Wednesday, March 29, 2000 11:57 AM
part 23

There was a slight change in the weather: we had a blizzard. The largest snowfall in fifteen years fell in a little over twelve hours. Some of the drifts stood over a metre in height on their own. Those that were built on something (such as a car) were much higher. The windows and front door of the office were a wall of snow. Cars were covered completely. I couldn't walk around outside because the snow on the footpath was so deep that if I did wear my boots, they would fill with snow, and the temperature was so low that if I didn't wear them, I would get frostbite. sigh.

Atli and Jóhanna wanted to go to the movies. Outside, the visibility was often less than a metre. Driving on the road was essentially "aim between the street lights and drive very slowly". Cars became bogged if the driver tarried a bit too long at the traffic lights. We did reach the cinema... in a sense: cars blocked the road from half a kilometre away, all stuck in the snow. That was as close as we could get. We went home.

The Eurythmics would have changed the words to "Mondays are made of this", and who am I to disagree? I had a Monday. I had to meet someone in another town. The weather was fine and the bus terminal is only a kilometre away, so I walked there. I arrived a few minutes early, but the bus had arrived a few more minutes early. I missed it. I waited for another bus. I waited and I waited and I waited. After an hour, I asked someone when would be the next bus, and was told that I had another two hours' wait, so I had to make a phone call. Unfortunately, I'd left the phone number at work and there were no taxis. I started to walk home. Unfortunately, I had noticed the weather, and Atli's theory prevailed: the weather changed. It became poor, with snow and strong wind ushering me at a great pace across the ice. I arrived at work and found that my phone didn't work, so I went home to phone from there. There was no answer. I went back to work, during which time my phone had evidently called a service technician and had itself repaired. I made my phone call and started to walk back to the bus terminal because the weather had become fine again. Really. Had I spent even a moment thinking about it, I would have called a taxi, but I didn't. About halfway to the terminal, the weather turned poor again, with more snow and the strong wind attempting to prevent me from arriving. The temperature dropped to -2°C, with the wind chill making the day feel much colder. One assumes a certain posture while walking into strong wind: lean forward, take small steps, and hope that the wind doesn't change suddenly either direction or strength. Marcel Marceau had obviously done it before. By the time that I arrived at the terminal, the front of me was covered entirely by powder snow. The material of my jacket didn't absorb the snow unless I attempted to wipe it, so I had to remain like that until the snow evaporated, much to the mirth of the other passengers.

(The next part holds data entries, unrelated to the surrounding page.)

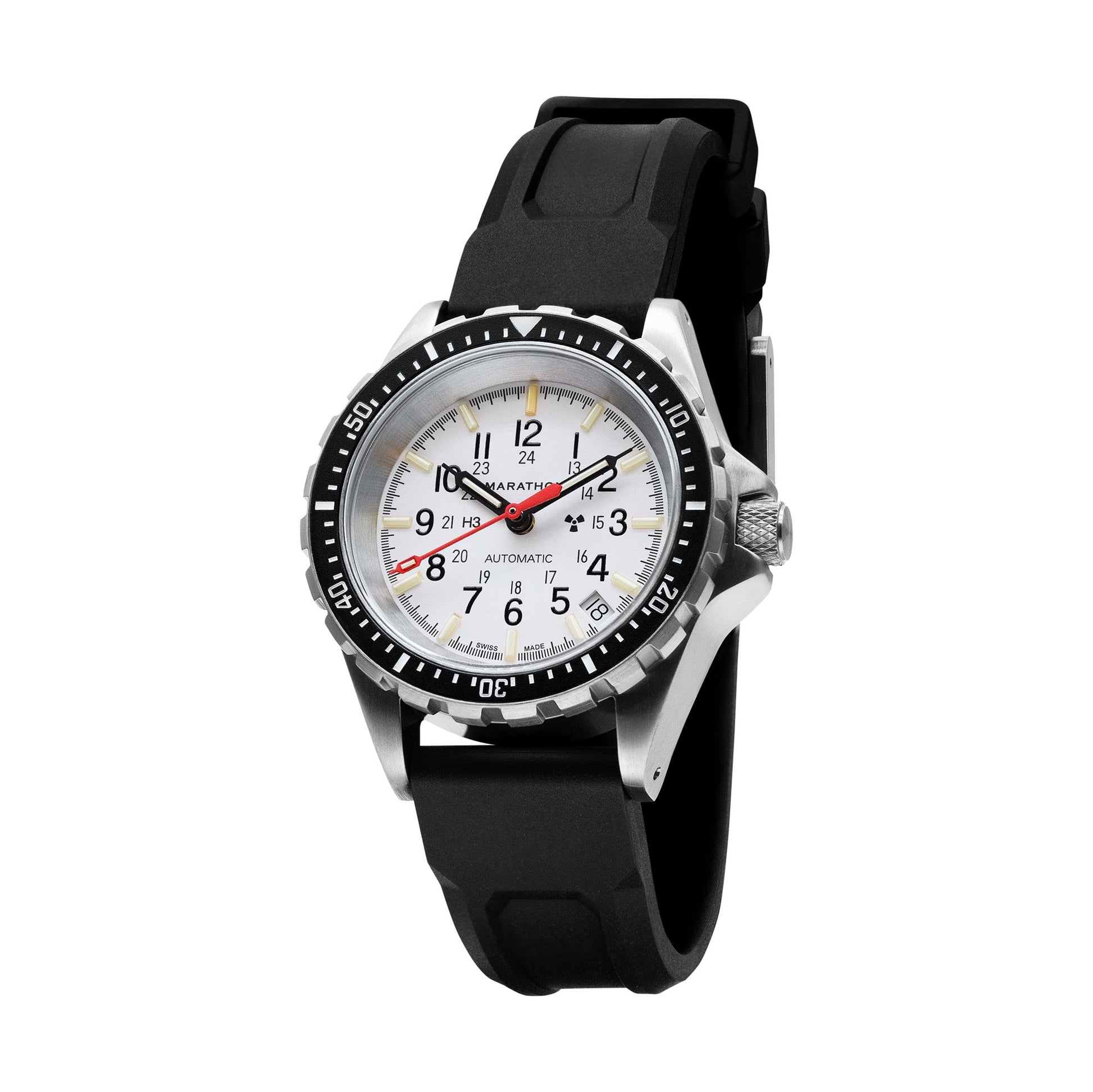 Marathon Search and Rescue (SAR) watches were developed to Canadian Government requirements for use in SAR operations. Built to withstand extreme conditions and match the capabilities of the user. First introduced in the early 1990s, they are still in active use today. Overbuilt bezels for manipulation with gloved hands; low-light illumination for use in night missions; screw-in crown and O-ring system for 30ATM water-resistance; high-torque pinions connecting movement to hands; Incabloc™ shock absorbers on all automatic movements. Powered by Swiss-made automatic or quartz movements, the SAR diver’s watches are available in 36mm, 41mm, and 46mm case sizes.
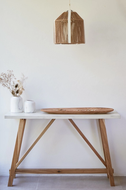 Consola con estrutura en petiribi macizo y tapa en microcemento alisado
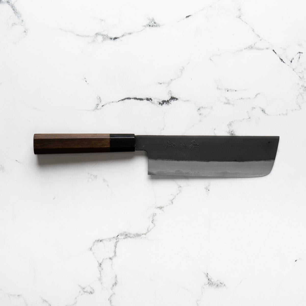 Japanese White Steel #2, a traditional high-carbon steel, is cherished for its purity and fine grain structure, enabling razor-sharp edges, at the cost of being reactive. It is one of the easiest steels to sharpen, but cannot be left wet for even short periods otherwise rust spots can occur. If you’re fastidious in your knife maintenance, this knife steel can be extremely rewarding to use.
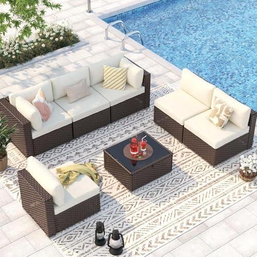 On the downside, while assembly is straightforward with the included manual, some users might find the need for two separate deliveries for the components to be inconvenient. The transition between layouts, although flexible, could require adjusting positioning, potentially leading to a less cohesive look if not arranged thoughtfully. Nevertheless, cleaning is a breeze due to the splash-proof fabric, and the tempered glass coffee table adds a sleek touch, easily maintained by wiping down after use. For a fantastic addition to your outdoor space, consider checking it out here.
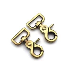 Durable nickel plated metal swivel snap hook designed for handbags, straps, and bag accessories. Made from strong zinc alloy, brass, iron, or stainless steel with smooth rotation and secure trigger closure. Available in customized sizes with eco-friendly, waterproof, and lightweight construction for long-lasting use.
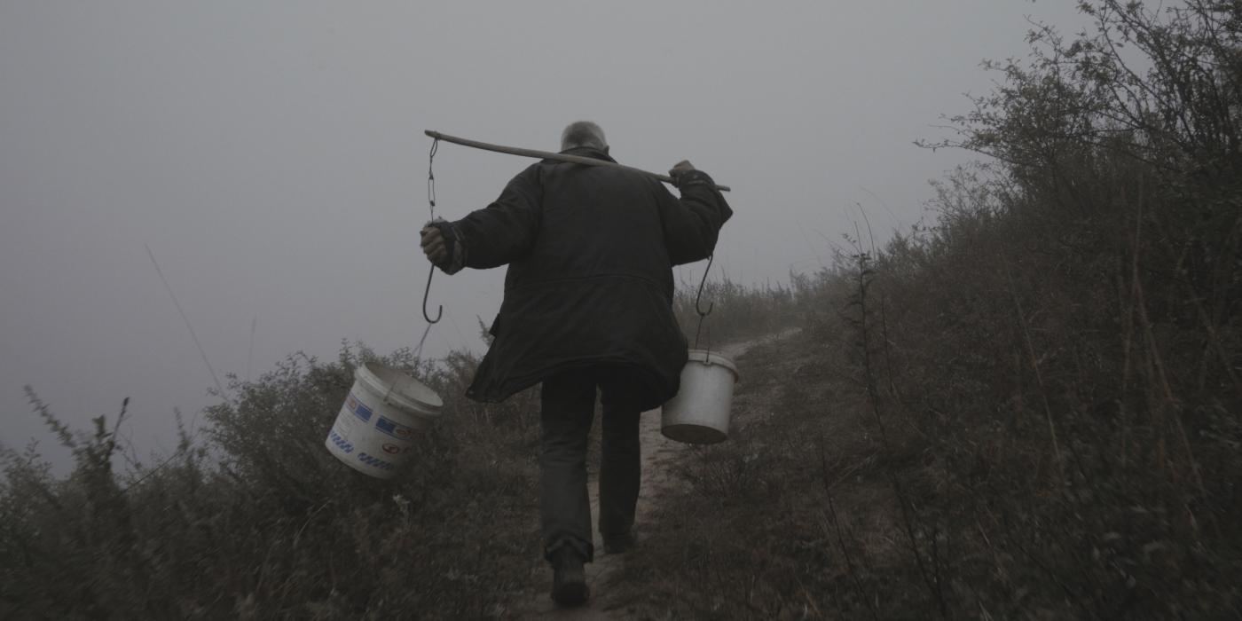 "Mēs sekojam sirmgalvim, kas iet pa miglainu kalnu taku Ķīnā. Vienā kadrā viņš nes somu, citos – rīsu maisus, malku vai ūdens spaiņus. Viņu filmē no rīta, vakarā un naktī. Gadalaiki mainās, kamēr mēs ejam kopā ar viņu cauri ziemas tumsai līdz dzidram pavasara rītam."

I'd have said that it was briefly amusing, except that it wasn't. Okay, so I did laugh, too. So what.

After having written that, I read an article about Alan Hinkes. According to the text, he wanted to be the first British person to climb to all 14 peaks that are higher than 8,000 metres. He survived the thin air at the peak of Everest and K2, but he had a Monday while climbing Nanga Parbat: he inhaled flour dust while eating a chapati. The resulting sneeze caused him to slip a disk in his back and he was unable to move for more than a week. When a helicopter finally rescued him, he said "You have to see the bizarre, comic side, although it was sheer bloody agony at the time". There's a lesson to be learned: never climb while eating a chapati.

Anyway, I had my meeting. Then I had to come back...

Mondays like that never end well. I went to the terminal in the other town, again in time for the bus, and this time the bus wasn't early. It wasn't on time, either. It was cancelled. So was the next one. It was two hours before a bus arrived, and another half hour before it left. According to the list of stops, it would take me to the original bus terminal, and from there it would stop almost outside my apartment door, before continuing to stops further away. When we arrived at the terminal, I was tempted to get out and walk - just in case, but I didn't. What could possibly go wrong? :-) What could possibly go wrong is that the bus ignored the second stop and went on to the third one. I got out there and found that I was about three kilometres away from home, on the opposite side. At least it wasn't raining, but I didn't notice it at the time. Had I done so, then it might have started raining. I reached home eventually. If nothing else, I'm better at walking on ice, having had a crash course, indeed. Oh, that's terrible.